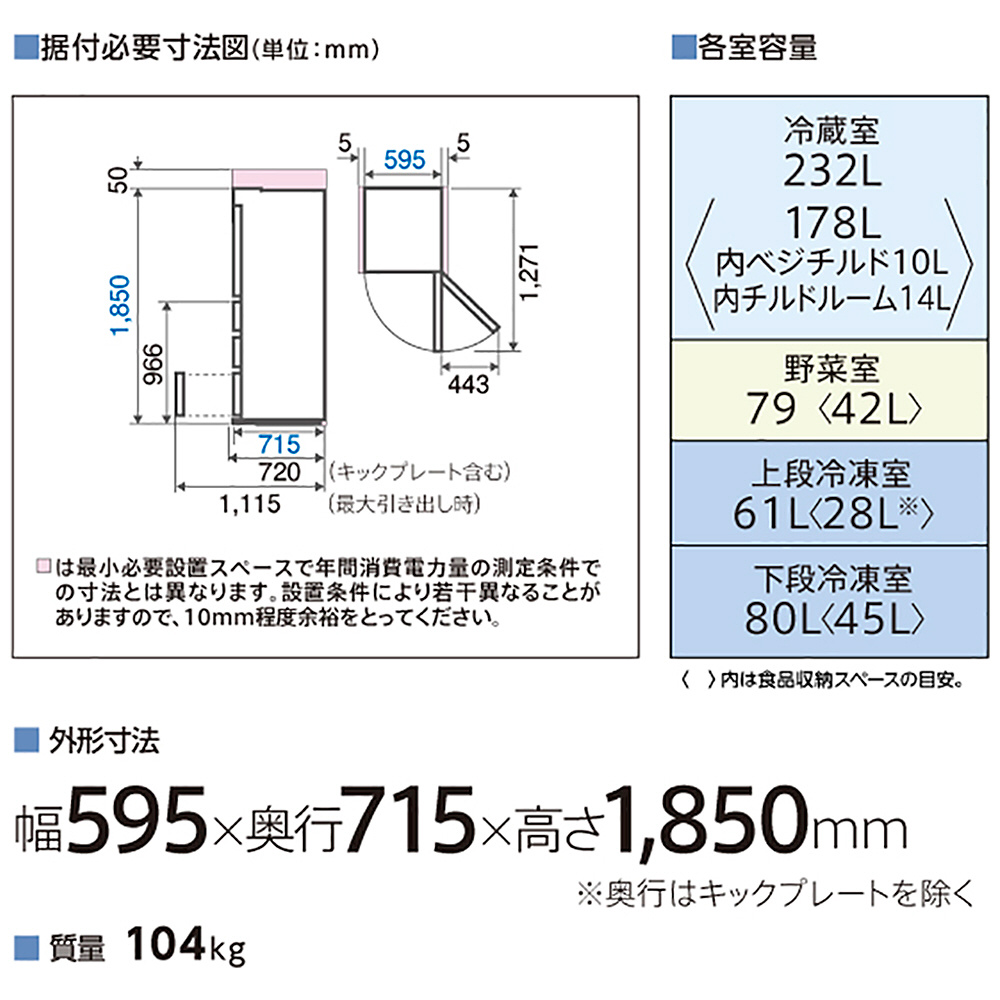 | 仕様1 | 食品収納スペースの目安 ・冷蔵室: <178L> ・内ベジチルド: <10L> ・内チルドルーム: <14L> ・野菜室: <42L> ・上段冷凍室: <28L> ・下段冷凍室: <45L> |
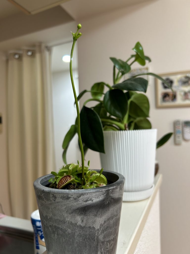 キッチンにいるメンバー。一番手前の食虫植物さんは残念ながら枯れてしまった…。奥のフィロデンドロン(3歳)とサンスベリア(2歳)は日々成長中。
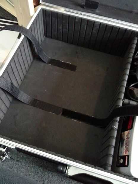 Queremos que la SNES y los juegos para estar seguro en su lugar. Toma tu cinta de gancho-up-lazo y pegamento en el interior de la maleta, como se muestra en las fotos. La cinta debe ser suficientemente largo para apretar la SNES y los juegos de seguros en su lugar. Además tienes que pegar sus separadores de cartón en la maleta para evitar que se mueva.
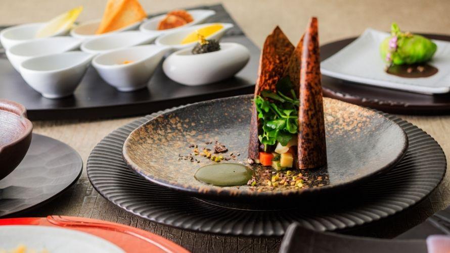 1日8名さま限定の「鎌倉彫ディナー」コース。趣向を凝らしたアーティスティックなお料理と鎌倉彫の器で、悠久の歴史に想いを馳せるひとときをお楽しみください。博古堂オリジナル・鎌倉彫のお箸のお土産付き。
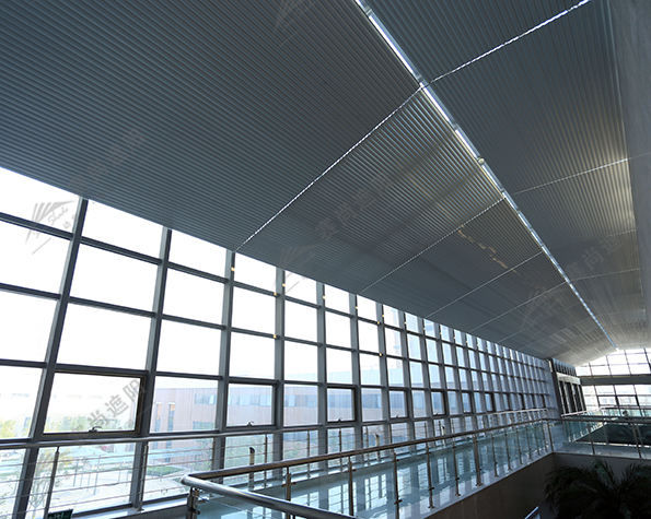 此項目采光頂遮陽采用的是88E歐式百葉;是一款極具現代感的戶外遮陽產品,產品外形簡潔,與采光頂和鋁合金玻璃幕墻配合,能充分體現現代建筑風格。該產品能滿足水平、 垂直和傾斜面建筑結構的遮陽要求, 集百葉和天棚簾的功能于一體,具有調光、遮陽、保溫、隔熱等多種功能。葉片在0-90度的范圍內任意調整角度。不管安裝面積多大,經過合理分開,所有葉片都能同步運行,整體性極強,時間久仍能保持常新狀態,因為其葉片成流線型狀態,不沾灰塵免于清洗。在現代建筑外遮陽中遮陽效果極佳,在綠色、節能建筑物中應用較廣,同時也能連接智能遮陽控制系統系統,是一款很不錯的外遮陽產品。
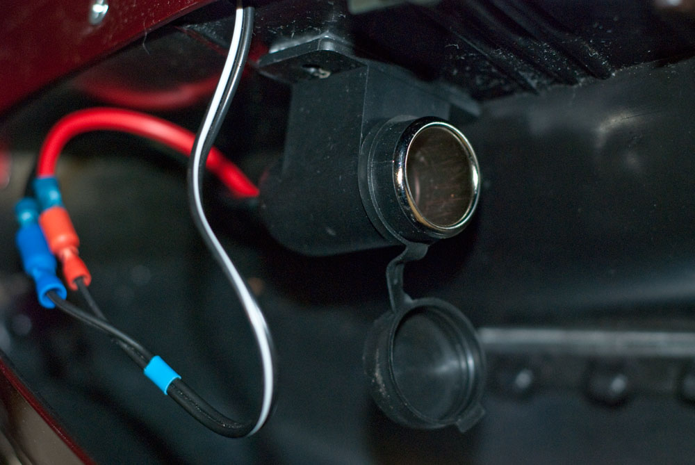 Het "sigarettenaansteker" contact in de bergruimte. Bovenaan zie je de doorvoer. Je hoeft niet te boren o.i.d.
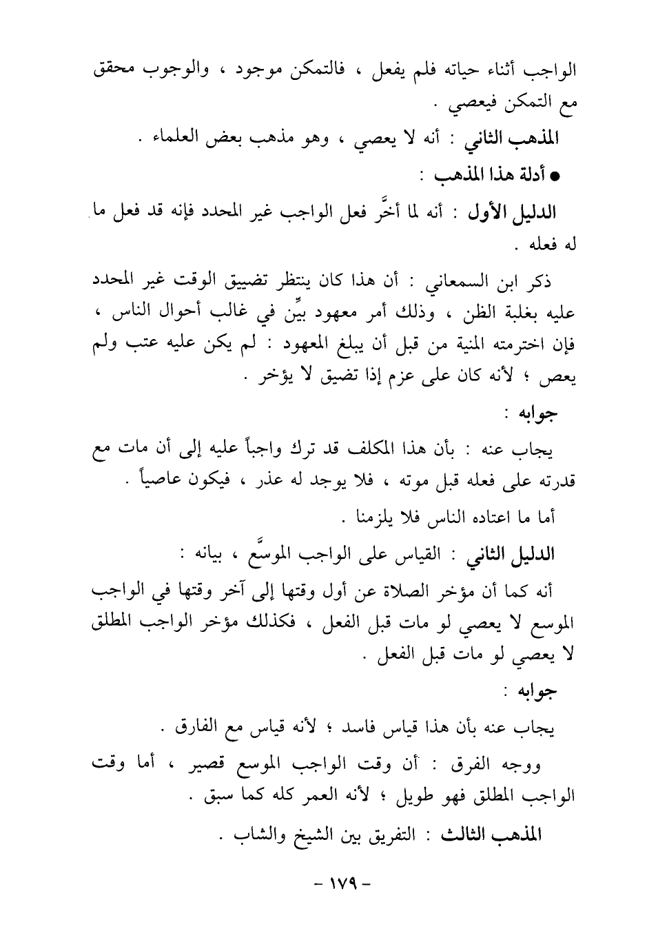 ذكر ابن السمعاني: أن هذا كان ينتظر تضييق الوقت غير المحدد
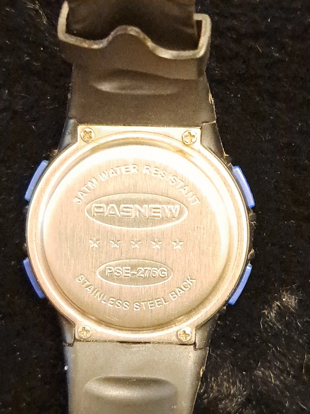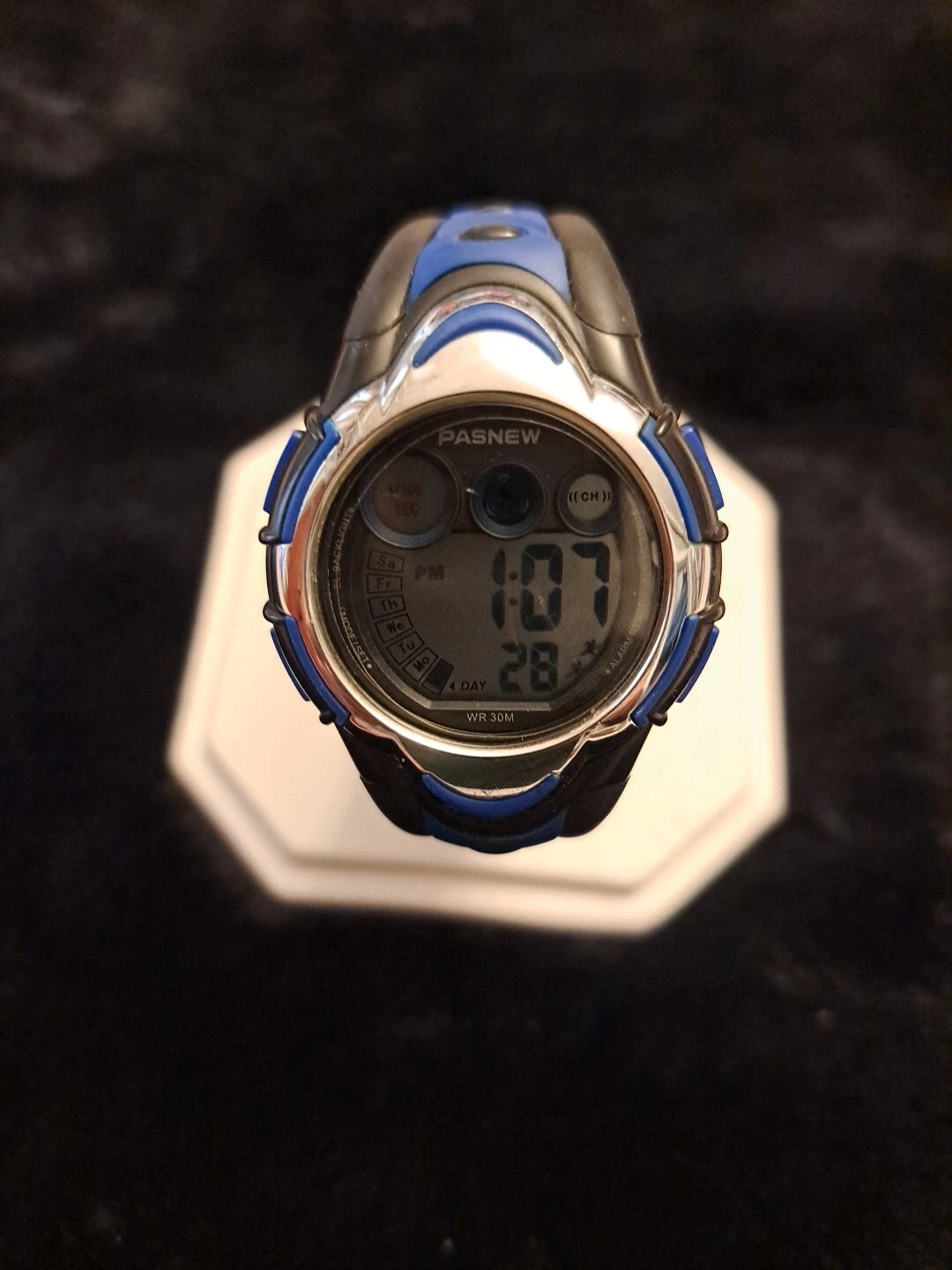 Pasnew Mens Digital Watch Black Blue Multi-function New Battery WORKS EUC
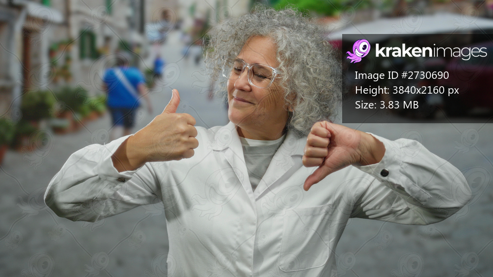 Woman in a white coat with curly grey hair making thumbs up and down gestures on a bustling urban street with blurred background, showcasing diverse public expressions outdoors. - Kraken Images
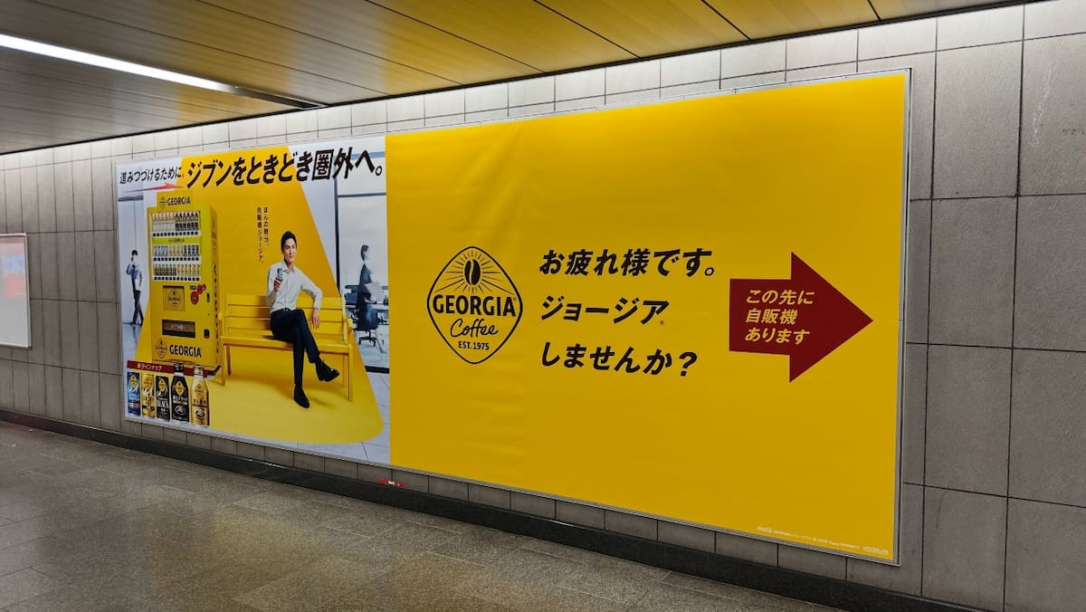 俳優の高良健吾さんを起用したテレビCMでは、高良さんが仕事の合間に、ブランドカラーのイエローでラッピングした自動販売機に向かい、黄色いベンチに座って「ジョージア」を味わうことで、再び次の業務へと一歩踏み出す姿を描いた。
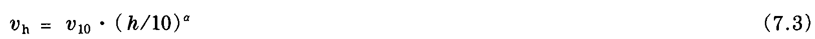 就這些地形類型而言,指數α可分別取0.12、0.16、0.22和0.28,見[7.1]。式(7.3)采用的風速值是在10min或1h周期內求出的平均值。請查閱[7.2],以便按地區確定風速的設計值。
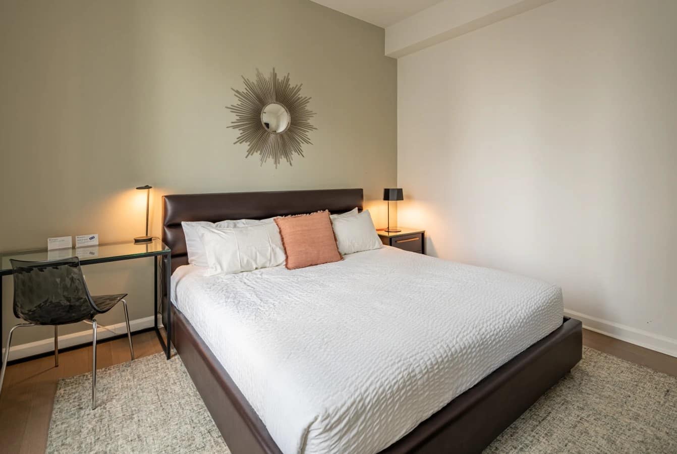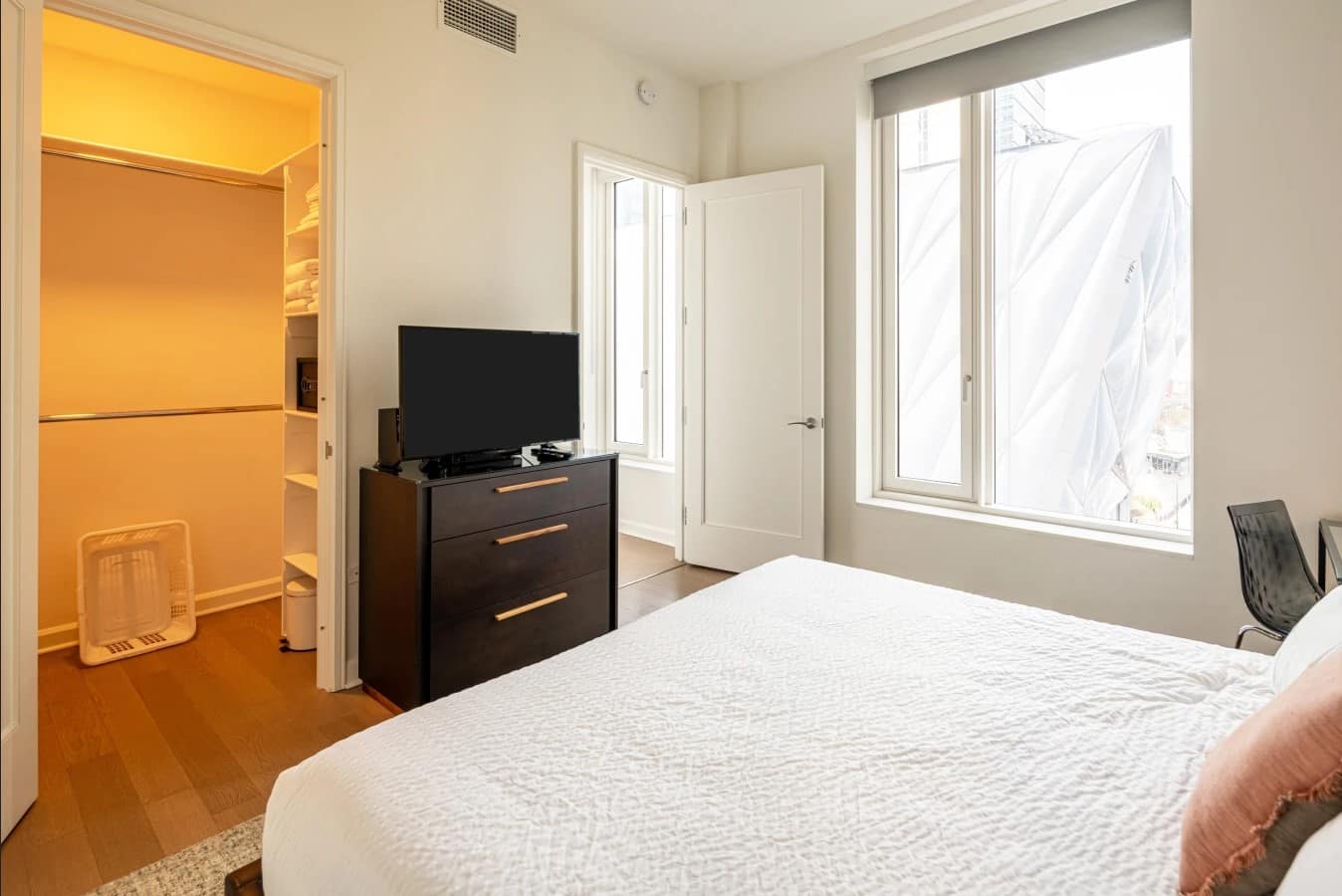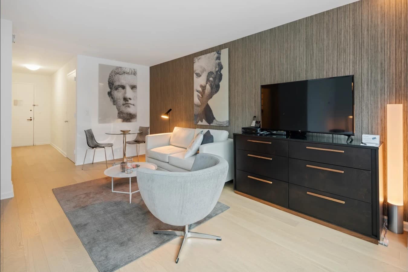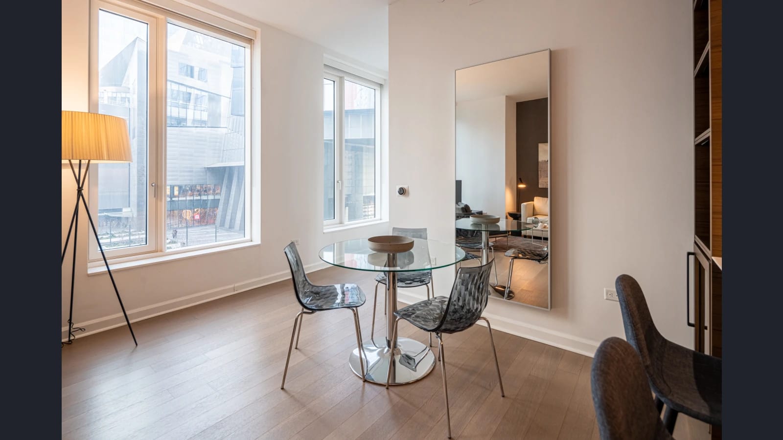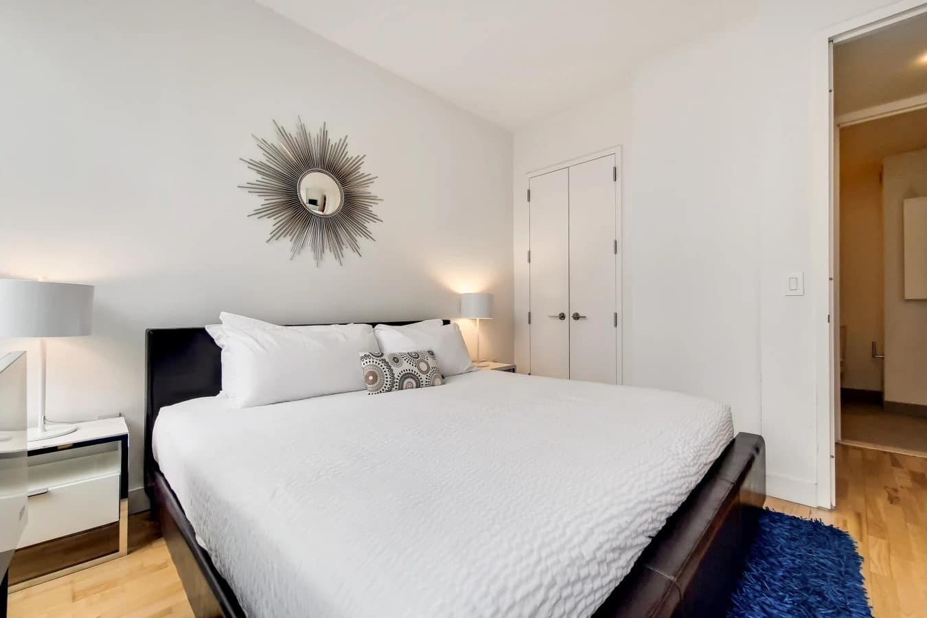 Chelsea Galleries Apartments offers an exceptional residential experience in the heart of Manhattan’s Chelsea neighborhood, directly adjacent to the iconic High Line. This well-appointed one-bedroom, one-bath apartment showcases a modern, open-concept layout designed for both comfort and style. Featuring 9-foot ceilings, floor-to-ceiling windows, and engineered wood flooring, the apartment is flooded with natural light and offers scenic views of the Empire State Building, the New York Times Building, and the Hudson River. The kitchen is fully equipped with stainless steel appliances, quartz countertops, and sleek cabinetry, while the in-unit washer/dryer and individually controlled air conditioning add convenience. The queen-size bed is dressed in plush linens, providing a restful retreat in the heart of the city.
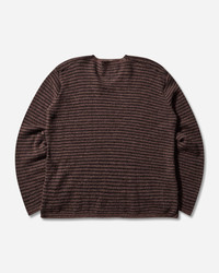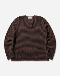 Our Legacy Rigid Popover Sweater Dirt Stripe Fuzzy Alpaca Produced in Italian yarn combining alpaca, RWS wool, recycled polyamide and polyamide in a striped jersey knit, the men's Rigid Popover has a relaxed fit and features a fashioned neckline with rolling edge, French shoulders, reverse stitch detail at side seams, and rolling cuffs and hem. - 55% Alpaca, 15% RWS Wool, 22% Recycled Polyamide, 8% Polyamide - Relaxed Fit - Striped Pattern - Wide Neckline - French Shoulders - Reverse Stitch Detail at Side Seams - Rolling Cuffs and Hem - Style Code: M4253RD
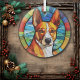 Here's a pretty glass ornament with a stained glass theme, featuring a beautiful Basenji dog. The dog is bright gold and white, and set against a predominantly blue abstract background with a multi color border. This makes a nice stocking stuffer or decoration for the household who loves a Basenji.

____

YOUR TASK: The lines from the beginning of the listing above through the line holding "キッチンにいるメンバー。一番" are to be duplicated exactly, and the pictures omitted.

SOLUTION:
 | 仕様1 | 食品収納スペースの目安 ・冷蔵室: <178L> ・内ベジチルド: <10L> ・内チルドルーム: <14L> ・野菜室: <42L> ・上段冷凍室: <28L> ・下段冷凍室: <45L> |
 キッチンにいるメンバー。一番手前の食虫植物さんは残念ながら枯れてしまった…。奥のフィロデンドロン(3歳)とサンスベリア(2歳)は日々成長中。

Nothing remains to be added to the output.